Anti-Natalism and the case for human extinction

It doesn’t take too much imagination to extend his analogy to human beings. In fact, the worst horrors that humans inflict on other humans make being eaten by a lion seem tame in comparison.

Imagine something you really like. Be it gourmet food, music, sex, anything. You get a 25 year supply of it, but you have to agree to an hour of waterboarding. I bet you wouldn’t make it 5 minutes before you backed out of the agreement. This is what Schopenhauer is talking about: the asymmetry of pleasure and pain. However good the best pleasures are, the worst pains are so much more horrific.

I’m don’t agree with that synopsis. Sure, horrible horrors exist. But wonderful pleasures exist as well. I’d guess that people who do pessimism for a career haven’t experienced the best pleasures that life has to offer, which is a pity. The pleasures still exist, though.

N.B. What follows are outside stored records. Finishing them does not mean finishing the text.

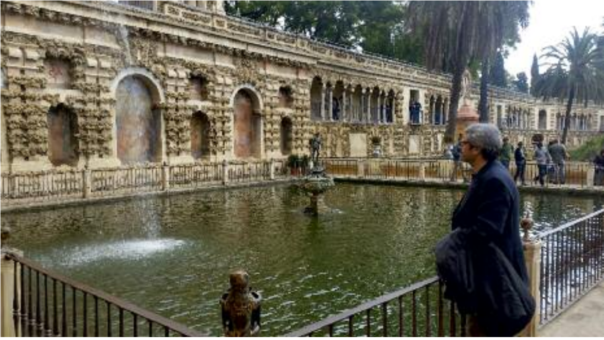
Sevilla ırmağı çevresi / İspanya

İslam'ın 8. Yüzyıldan itibaren Kuzey Afrika ve İran'a doğru yayılmasıyla beraber, İslami mutfak, müziği, kıyafeti, mimariyi ve edebiyatı etkileyecek bir boyut kazanmıştır. İbn Batuta'nın 1325-1354 yılları arasında Pekin, Kalküta, Buhara, İstanbul, Granada ve Timbuktu'yu içine alan seyahatinde İbn Batuta yeni tatları ve manzaraları, karşılaştığı memleketlerin ve insanların alışılmadık yönlerini, örfleri ve anıtlara aynı ilgiyi göstererek kaydetmiştir. Bu gezgin coğrafyacılar, toplumları anlatmanın yanı sıra peyzajı da ayrıntılı bir şekilde gözlemlemiş, sıklıkla da İslam dünyasının bir parçasını diğeriyle, Sevilla'nın ırmak manzarasını Dicle ve Nil'le ya da Bağdat'ı Kahire'yle, bir cümlede ikisini birden överek karşılaştırmıştır. 2
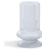
Référence déclinaison : 91 06SLT A
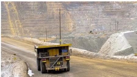
El MEM anunció que buscan hacer viable no menos de US$21,00 millones de inversión en proyectos mineros para el 2021.
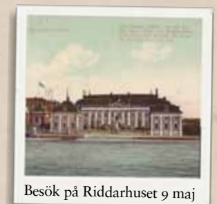
Besök på Riddarhuset 9 maj
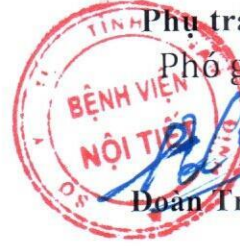
Đoàn Trọng Thuyết
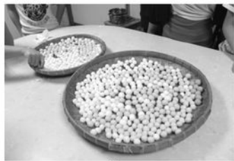
師生親手揉製手工湯圓預祝今年圓滿順遂

今年是小龍年，春節圍爐特別訂定「什麼都要自己來！」為主題，依照不同年齡層設定了不同的任務，由各樓院童組成湯圓、水餃、年菜製作團隊，不讓保育生輔老師專美於前，孩子們紛紛投入準備除夕圍爐大餐，也感受年節氣氛。搓湯圓的小小孩在社工老師的帶領下，看著黏滿雙手和著水的糯米粉糰變成一顆顆圓滾滾的湯圓，濃濃年味之外還有一種自豪的味道；包水餃的孩子悄悄在餡料裡加入「幸運銅板」，要給吃到的老師跟孩子們驚喜；幾個高中大孩子則化身大廚，穿梭在廚房製作圍爐大菜，端出耗時熬煮的東坡肉、香味四溢的客家小炒、辣炒年糕和象徵年年有餘的樹子蒸魚時驚艷全場，最神奇的，院長也吃到了包有特別餡料的幸運水餃，彷彿代表著全院一整年的好運，大家開心地吃著各種料理，最後也在孩子們的吉祥話與院長的祝福中結束舊的一年，開始向新的一年出發。
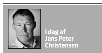
I dag af Jens Peter Christensen

Men efter et par år i skærsilden venner man sig til varmen. Man kommer i form. Det er som at blive udtaget til landsholdet. Man kom-

The broader point does not rest on comparing the worst horror to the best pleasure, however. It rests on observing that for most people, most of the time, life is pretty good. For me, today, I’ve not suffered any noticable pain and I don’t expect I will. I’ve had a number of pleasures: eating, drinking, driving, working, and so forth. So on average, pleasure is beating pain.

Your “obvious” analogy is nowhere near as obvious as you think. Lots of people willingly endure temporary suffering in order to obtain something that will make them happy. People are willing to endure pain for things as trivial as a ear piercing to as important as childbirth.

Hey, don’t knock it till you’ve tried it!